Last month, Leeds Young Film Festival (LYFF) returned throughout Leeds, with a series of screenings and film-related experiences taking place across Leeds Town Hall, Carriageworks Theatre and Hyde Park Picture House. Now in its 17th year, LYFF is a great initiative aiming to introduce the magic of cinema to children, and this year’s iteration amazed and surprised children, teenagers and parents in equal measure.
LYFF is part of Leeds International Film Festival, which takes place every November and celebrates its 30th edition later this year. However, Chris Fell, director of Leeds International Film Festival, decided that it was better to give different dates to LYFF so that it could “attract its own audience”. Danny Leigh, from The Guardian, affirmed that Leeds Young Film Festival is “the perfect place for young people to fall in love with film”.
This year, LYFF focused on animation workshops in which children and parents could learn how flipbooks, 3D Virtual Reality, stop motion, digital effects and more come together. According to Debbie Maturi, Director of LYFF: “The most important thing about LYFF is to give all young people in the region the chance to experience the power of cinema, with a programme of the best new and classic films from around the world. In 2016 there were films from 24 different countries”.
Carriageworks Theatre was home to a range of screenings and animation workshops; I volunteered in the Flipbooks session helping artist, model maker and designer Ralph Shephard, who taught kids the basics of animated books and the ways to create your own flipbook through drawing. Afterwards, with stop motion software, we were able to convert the flipbooks into short movies – much to the excitement of the children (and their parents), who were able to see their drawings come to life.
Carriageworks also saw other workshops, including stop motion, LEGO animation, digital effects for film, Minecraft, Cartoon Storytelling and Voice Acting, teach young people the basics of a range of filmmaking techniques through the guidance of specialized professionals such as animator Paul Couvela and director, writer and voice actress Sarah Ann Kennedy. It wasn’t all educational, though, and animated films like Finding Nemo and Frozen Sing-a-long were also shown in Carriageworks, adding to other screenings at the Hyde Park Picture House, among them Song of the Sea, The Prophet, Harry Potter and the Half Blood Prince and He Named Me Malala.
Leeds Town Hall served as a more grandiose setting for the likes of Star Wars: Episode VII – The Force Awakens and The Hunger Games: Mockingjay Parts 1 & 2. It was also in this venue where the biggest event was organized: Willy Wonka & The Chocolate Factory. Following a screening, those in attendance were invited to meet the “real” Willy Wonka and his Oompa Loompas, who needed help to fix some of the machinery at work in the chocolate factory. At night, adults were able to watch one of the best movies of our time – The Shawshank Redemption – in a Leeds Town Hall transformed into the Shawshank State Penitentiary. These experiences were organized by LYFF together with Sneaky Experience.
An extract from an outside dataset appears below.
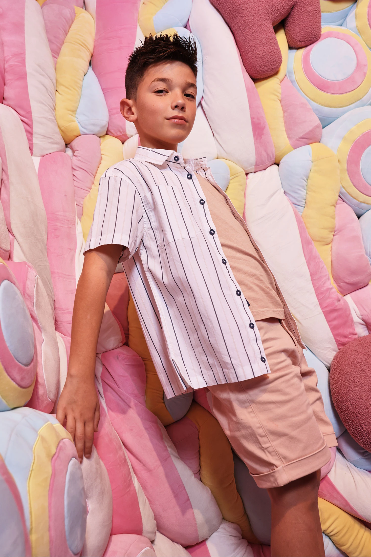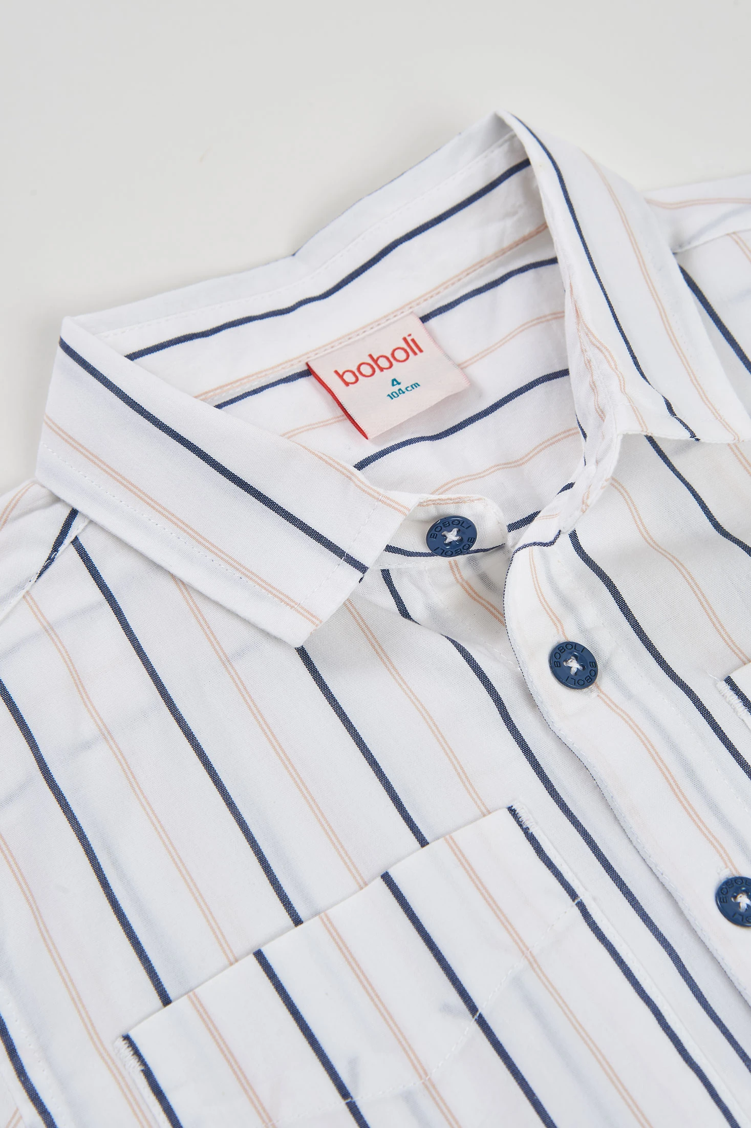 Camisa de popelina listada para criança, perfeita para um estilo elegante e confortável. Com finas riscas azuis sobre um fundo branco, apresenta uma gola clássica e mangas curtas, ideal para os dias mais quentes. Inclui botões azuis na parte frontal e dois bolsos dianteiros que adicionam funcionalidade. Disponível em tamanhos de 2 a 14 anos, adapta-se a diferentes tamanhos. A sua composição em popelina torna-a leve e respirável. Perfeita para ocasiões formais ou casuais, combinando facilmente com calças ou calções para um look moderno.

The “Golden Owl Awards” closed the festival, with a unique twist: the jury members who get to decide the winners are children and teenagers. The Younger Jury Award (with jury members aged 7 to 11) was given to Zip & Zap and the Marble Gang while the Older Jury Award (aged 12 to 15) was given to Landfill Harmonic.
LYFF is an interesting, entertaining and fun initiative for children. As Debbie Maturi says, “film offers young people a unique, enriching experience and a window onto the world that they won’t find anywhere else”. LYFF is a great opportunity to introduce children to one of the most beautiful and complete arts of all times: cinema. Children and parents alike would be remiss to miss next year’s edition of the festival.